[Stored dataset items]
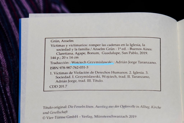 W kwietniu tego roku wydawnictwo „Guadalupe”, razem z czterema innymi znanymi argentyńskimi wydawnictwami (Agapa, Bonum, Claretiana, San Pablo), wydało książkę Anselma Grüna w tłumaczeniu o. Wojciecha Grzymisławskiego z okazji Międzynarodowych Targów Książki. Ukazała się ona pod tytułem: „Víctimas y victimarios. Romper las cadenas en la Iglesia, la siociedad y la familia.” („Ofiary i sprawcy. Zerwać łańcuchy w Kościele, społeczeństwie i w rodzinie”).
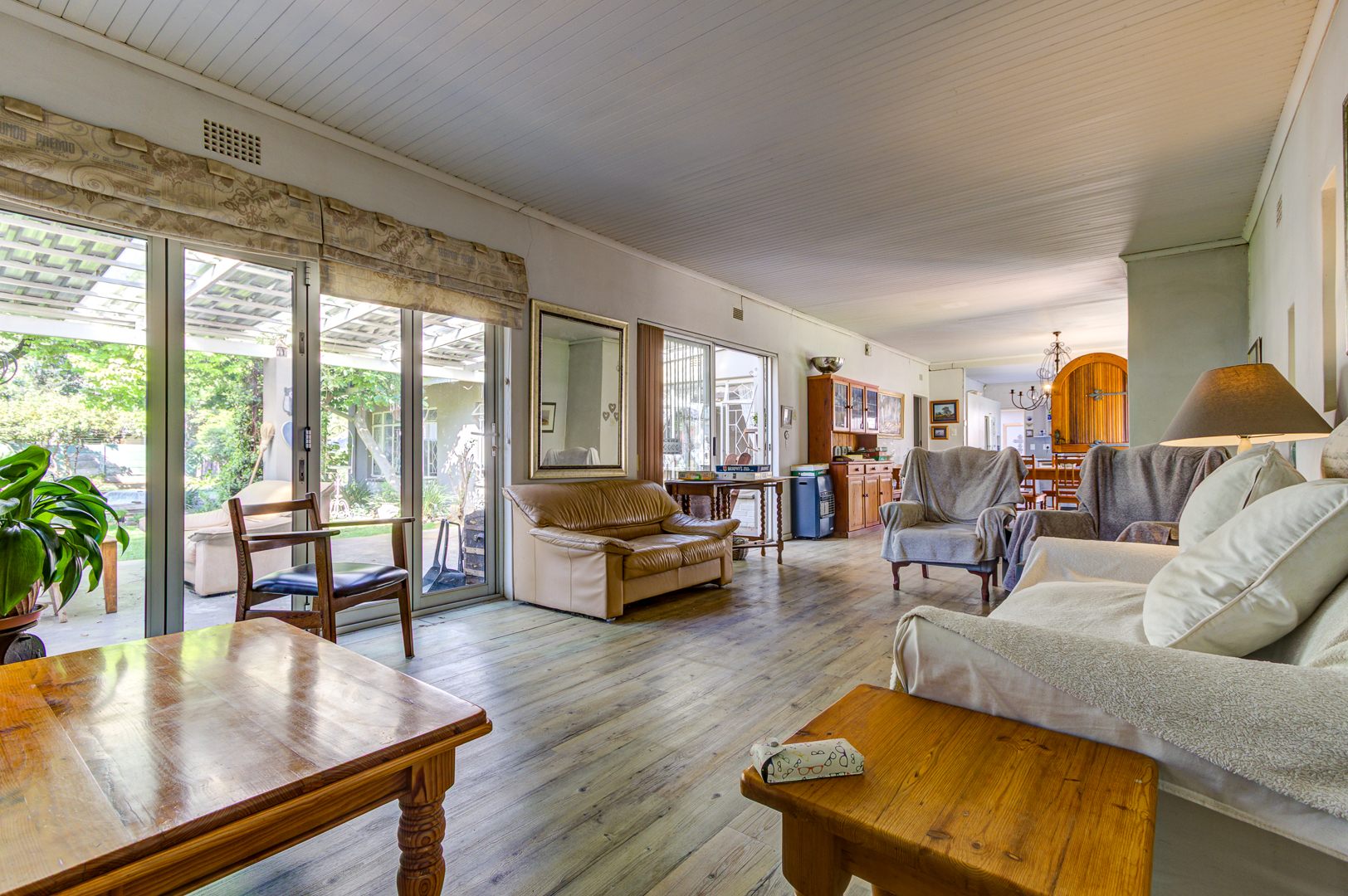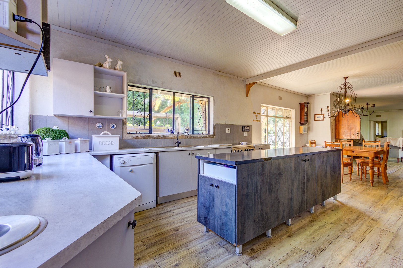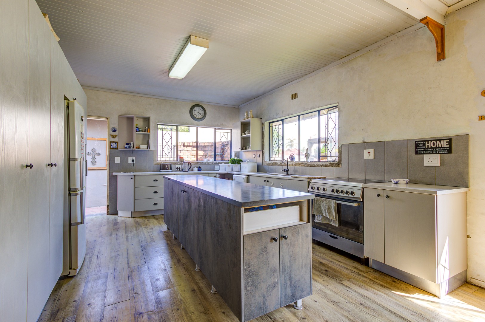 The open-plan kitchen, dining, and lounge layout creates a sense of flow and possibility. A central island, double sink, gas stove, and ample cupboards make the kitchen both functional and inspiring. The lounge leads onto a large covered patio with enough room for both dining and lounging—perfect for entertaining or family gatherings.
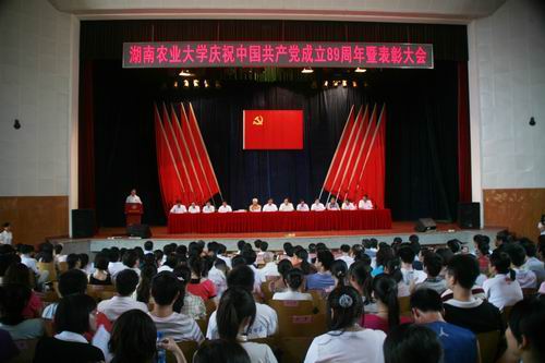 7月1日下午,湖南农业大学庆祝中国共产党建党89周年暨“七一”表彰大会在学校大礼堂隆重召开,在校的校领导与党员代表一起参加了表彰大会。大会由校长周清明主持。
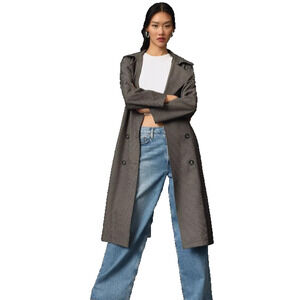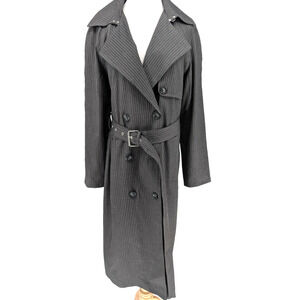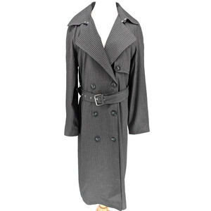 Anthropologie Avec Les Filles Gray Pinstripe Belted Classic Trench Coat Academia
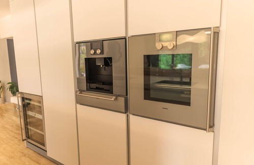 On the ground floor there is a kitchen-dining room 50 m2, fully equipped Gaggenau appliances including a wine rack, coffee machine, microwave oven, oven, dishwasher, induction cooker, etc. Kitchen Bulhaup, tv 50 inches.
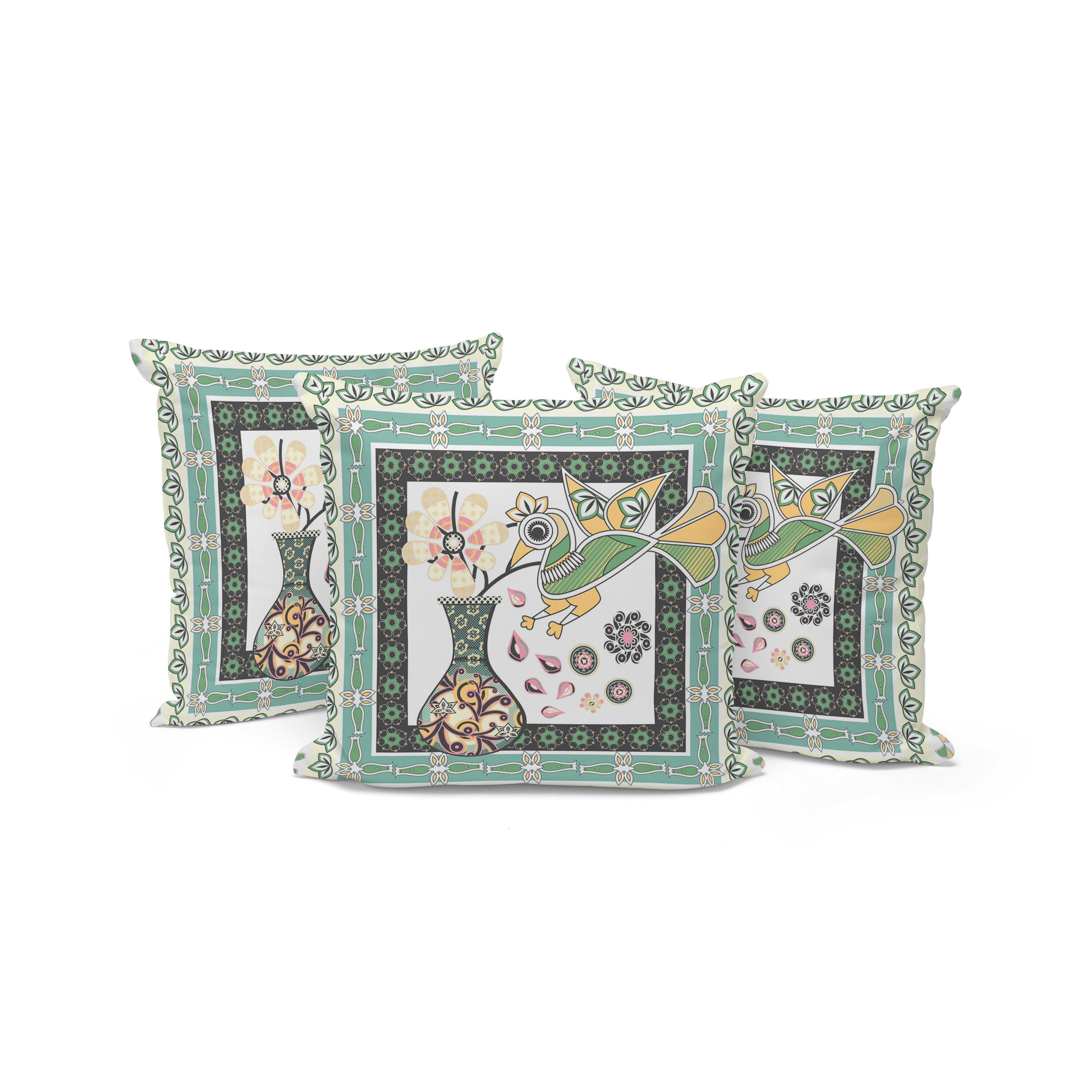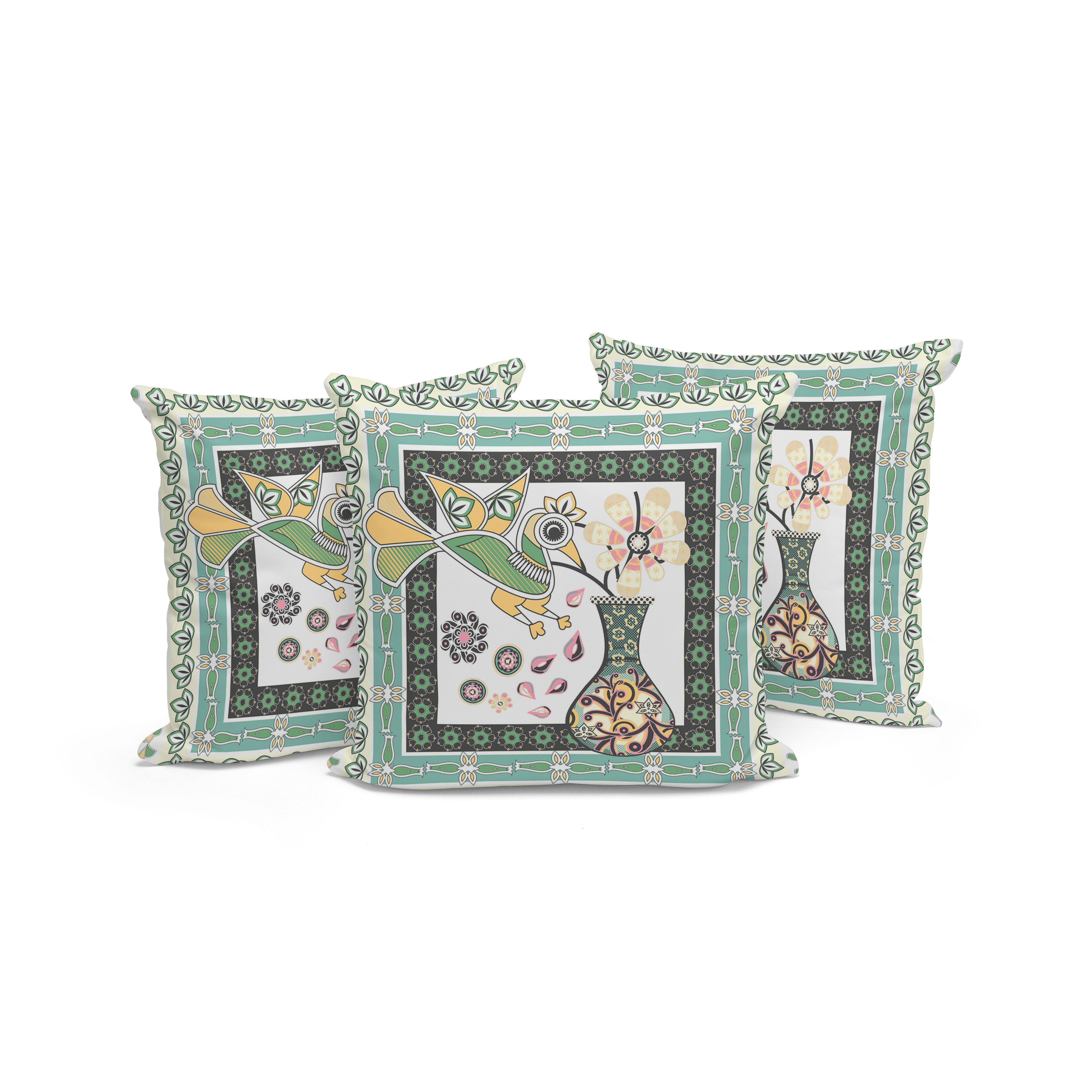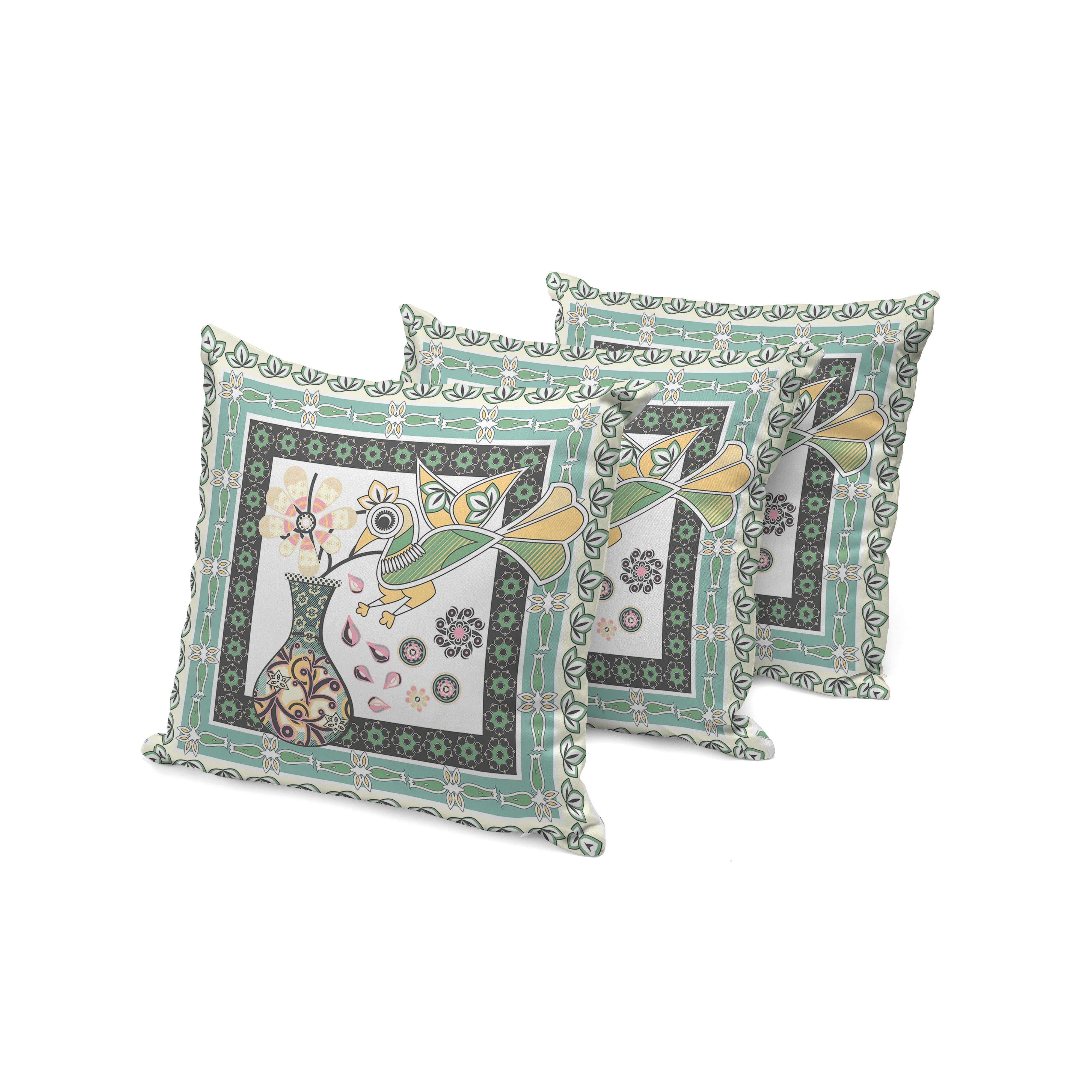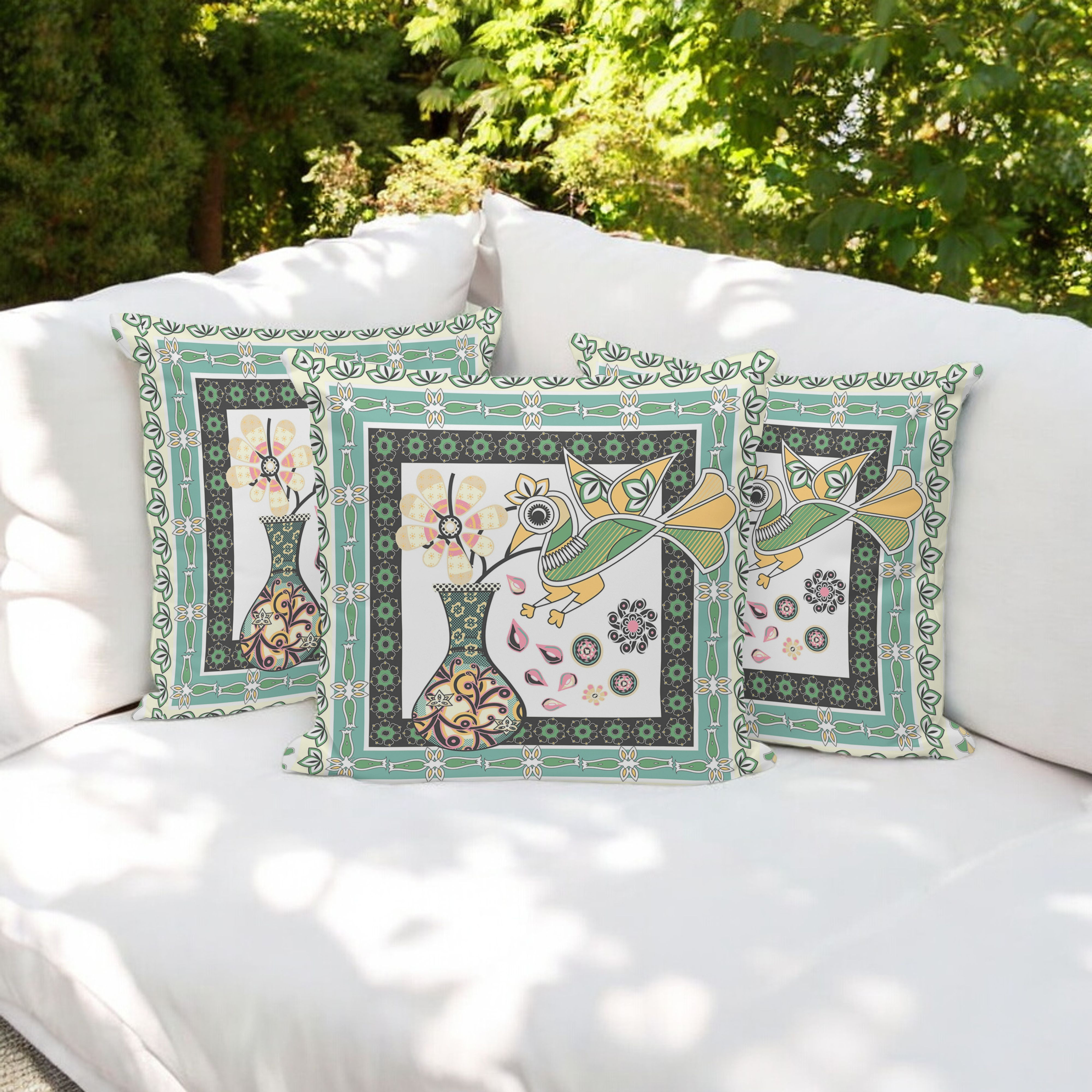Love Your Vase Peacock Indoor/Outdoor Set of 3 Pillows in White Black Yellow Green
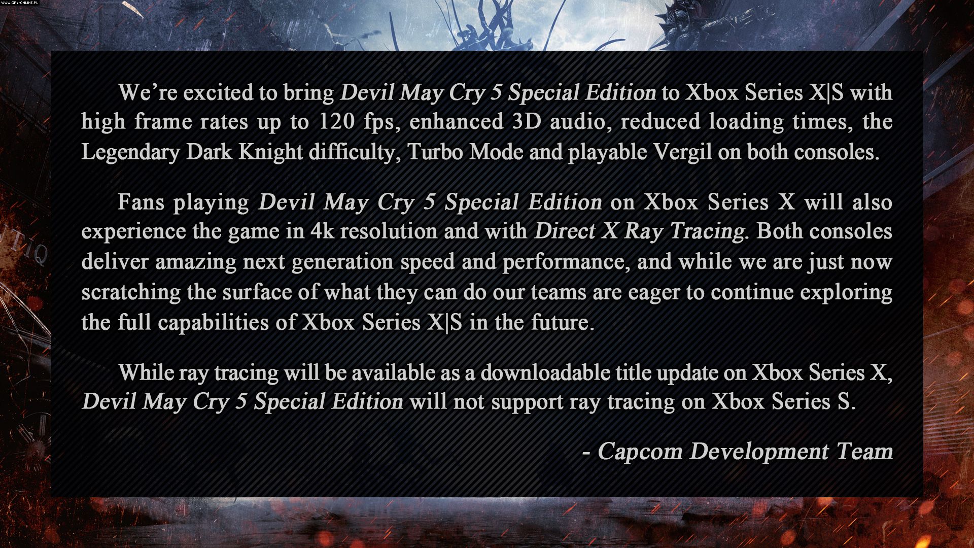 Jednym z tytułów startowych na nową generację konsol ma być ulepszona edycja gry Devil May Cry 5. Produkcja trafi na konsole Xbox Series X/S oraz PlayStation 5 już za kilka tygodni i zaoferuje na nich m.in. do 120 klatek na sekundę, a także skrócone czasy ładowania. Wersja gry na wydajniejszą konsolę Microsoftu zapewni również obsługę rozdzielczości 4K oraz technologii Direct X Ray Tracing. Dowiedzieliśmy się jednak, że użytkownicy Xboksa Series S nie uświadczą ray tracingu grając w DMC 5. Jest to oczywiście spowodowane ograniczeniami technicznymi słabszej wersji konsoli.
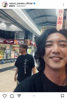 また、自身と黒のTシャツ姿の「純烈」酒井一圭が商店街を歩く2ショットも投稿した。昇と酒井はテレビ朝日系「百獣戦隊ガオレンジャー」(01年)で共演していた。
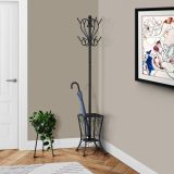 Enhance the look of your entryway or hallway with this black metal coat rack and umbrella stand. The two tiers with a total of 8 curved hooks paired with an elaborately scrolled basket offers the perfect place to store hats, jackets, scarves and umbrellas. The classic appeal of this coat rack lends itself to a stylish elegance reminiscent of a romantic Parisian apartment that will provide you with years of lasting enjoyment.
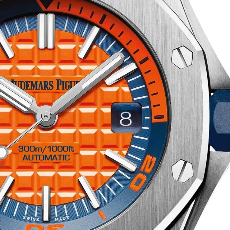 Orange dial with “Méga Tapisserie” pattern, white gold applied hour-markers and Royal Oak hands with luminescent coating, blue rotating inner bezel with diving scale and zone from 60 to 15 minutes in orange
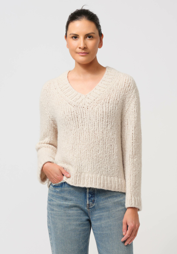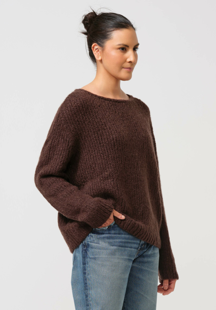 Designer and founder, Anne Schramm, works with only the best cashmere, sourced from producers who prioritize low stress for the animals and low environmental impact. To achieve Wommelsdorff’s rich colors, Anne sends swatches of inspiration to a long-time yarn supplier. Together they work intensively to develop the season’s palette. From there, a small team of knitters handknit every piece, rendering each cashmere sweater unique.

### Aim of the task
Among the entries above, copy exactly the stretch from the line holding "7月1日下午,湖南农业大学庆" through the line holding "Love Your Vase", leaving out any pictures.

### Response area
 7月1日下午,湖南农业大学庆祝中国共产党建党89周年暨“七一”表彰大会在学校大礼堂隆重召开,在校的校领导与党员代表一起参加了表彰大会。大会由校长周清明主持。
 Anthropologie Avec Les Filles Gray Pinstripe Belted Classic Trench Coat Academia
 On the ground floor there is a kitchen-dining room 50 m2, fully equipped Gaggenau appliances including a wine rack, coffee machine, microwave oven, oven, dishwasher, induction cooker, etc. Kitchen Bulhaup, tv 50 inches.
Love Your Vase Peacock Indoor/Outdoor Set of 3 Pillows in White Black Yellow Green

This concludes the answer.